Verifying S1 in Quotient Topology of R with x~x+1

[andlook]

Homework Statement

verify that R, the reals, quotiented by the equivalence relation x~x+1 is S^1

Homework Equations

The Attempt at a Solution

All i can think of is to draw a unit square and identify sides like the torus, but this would be using IxI, a subset of R^2, and gives a cylinder at best... Obviously I am missing the point, so any help would be great.

 

[andlook]

Ok thought about this some more.

What I have done above is actually on the right path, if the horizontals of the square are identified we get a cylinder, if the vertical height is shrunk to nothing, so we are working in just R, then we get a circle. Then the result follows. I think the logic I present is correct but is there a more mathematically concise way to present this?

 

[andlook]

for anyone that needs more on this I found extrapolation given by M grime third post down on thread

https://www.physicsforums.com/showthread.php?t=124804


At least I found this helpful

 

[Fredrik]

Sounds like you should try to write down a function from from R/~ into S¹ (or from S¹ into R/~) and then try to prove that it's a homeomorphism. You mentioned the "quotient topology" in the title. I take it that means that the open sets on R/~ are defined to be the preimages \pi^{-1}(U) of open sets U in R, where \pi:\mathbb R\rightarrow\mathbb R/\sim is the function that takes a number to its equivalence class: \pi(x)=[x].

 

[andlook]

Ok so the quotient R/~ = [0,1) for the relation x~x+1?

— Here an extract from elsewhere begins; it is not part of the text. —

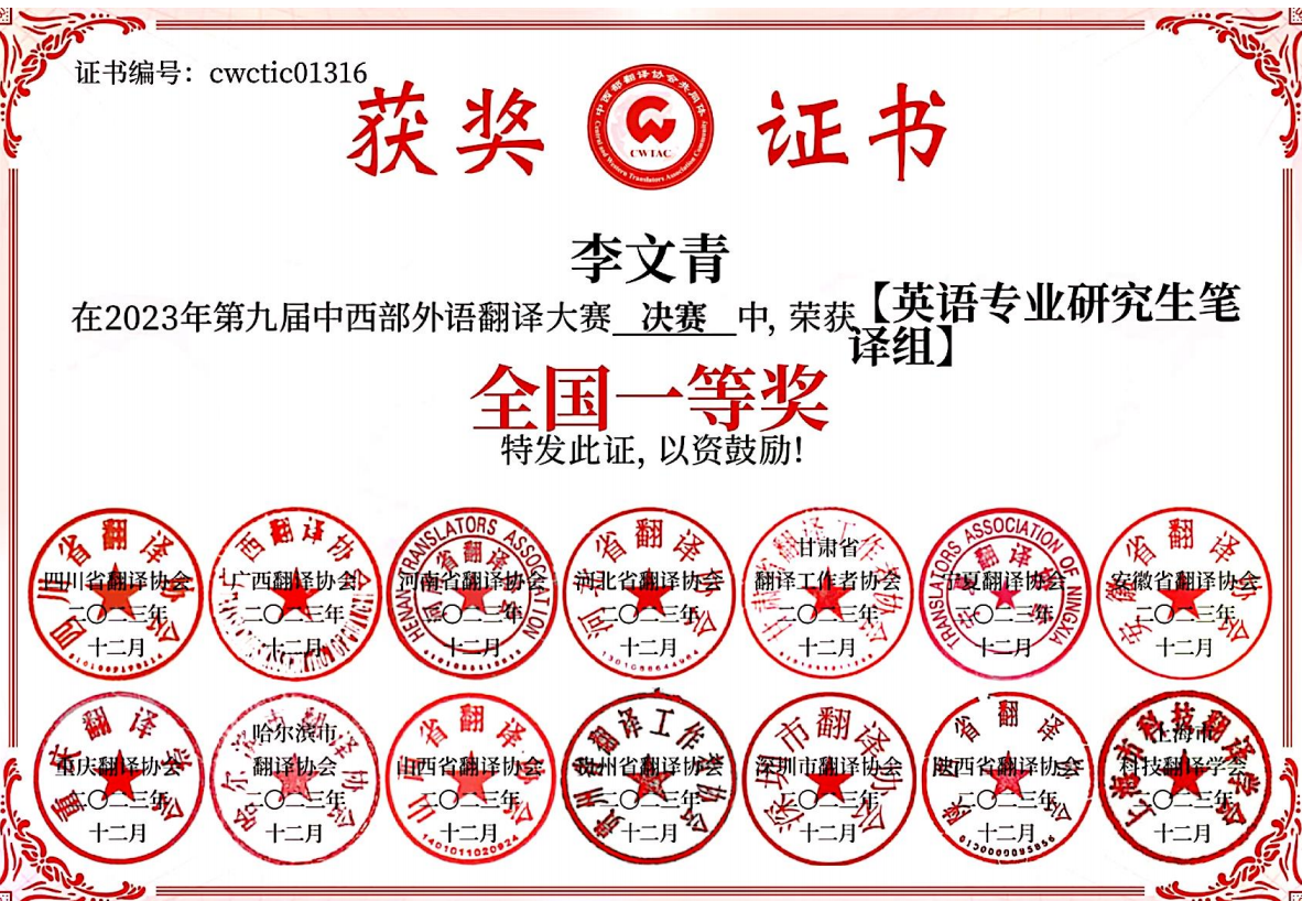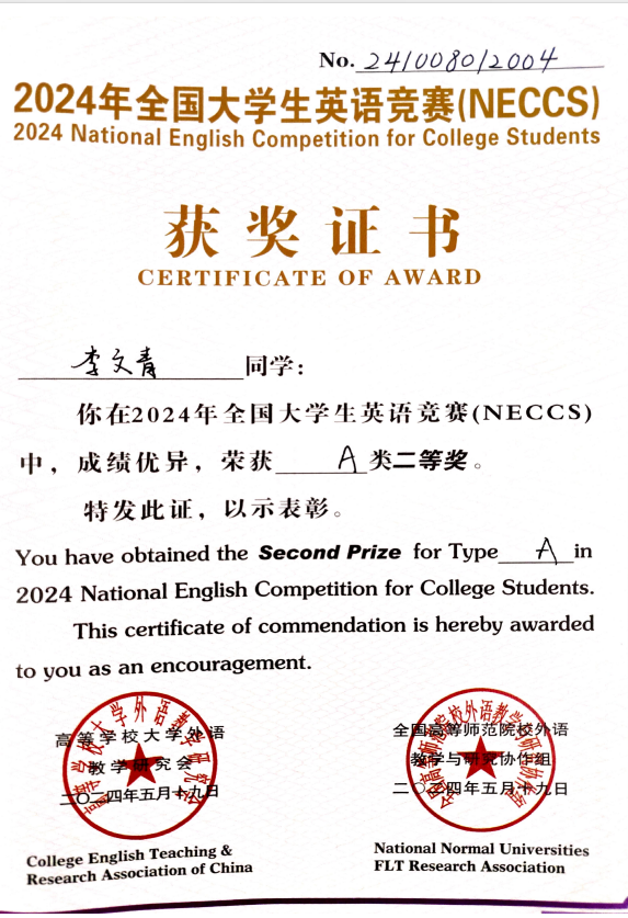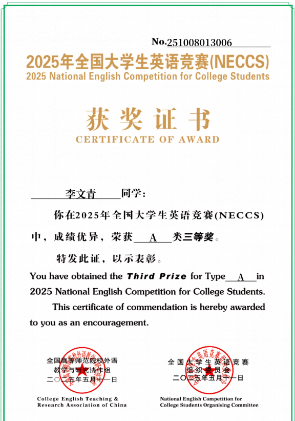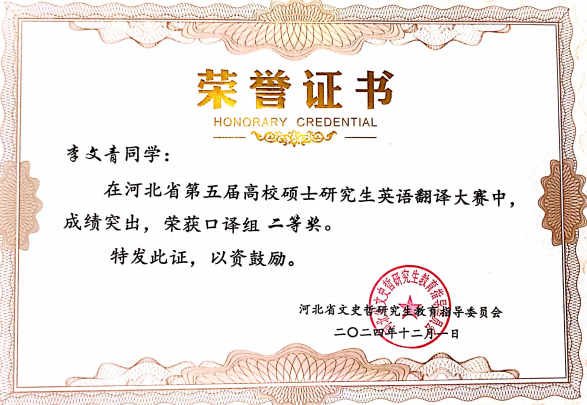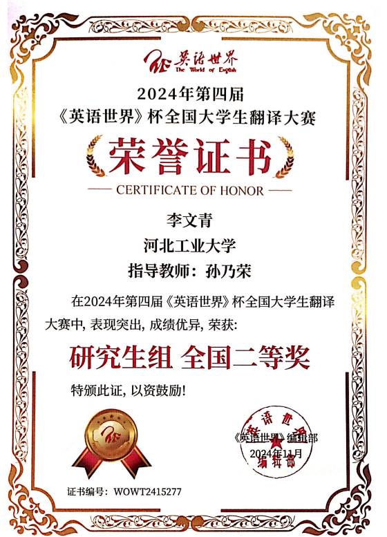 专业资质认证方面,她成功考取 CATTI 二级笔译证书,为专业发展筑牢根基;学术研究上,她以第一作者身份在《今古文创》期刊发表论文,将理论思考与实践探索融为一体,展现出良好的学术素养。学科竞赛中,她更是屡创佳绩:斩获中西部翻译大赛全国一等奖、《英语世界》杯翻译大赛全国二等奖、全国高校商务翻译(英语)能力挑战赛全国三等奖,还在全国口译大赛中荣获全国优秀奖;省级赛事中,先后拿下 2024 年河北省研究生翻译大赛相关奖项、2025 年河北省研究生翻译大赛奖项,以及 2024 年、2025 年大学生英语竞赛相关荣誉,此外在 “外研社・��������国才杯” 外语能力大赛中也有所斩获,以赛促学、以赛提能,持续拓宽专业视野与综合素养。

Then defining the map f:[0,1)---S^1 via

f(x)=exp(2*Pi*x*i)

for x in [0,1).

Yes I am working on the definition that open sets in the preimage are open defines continuity and so give definition of homeomorphism.

I take by showing that S^1 is homeomorphic to unit interval this shows that it has the same topology as the real line?

 

[Fredrik]

What I'm suggesting is that you define a topology on R/~ by saying that the function \pi is continuous. Then you you show that your f is continuous with respect to that that topology on R/~.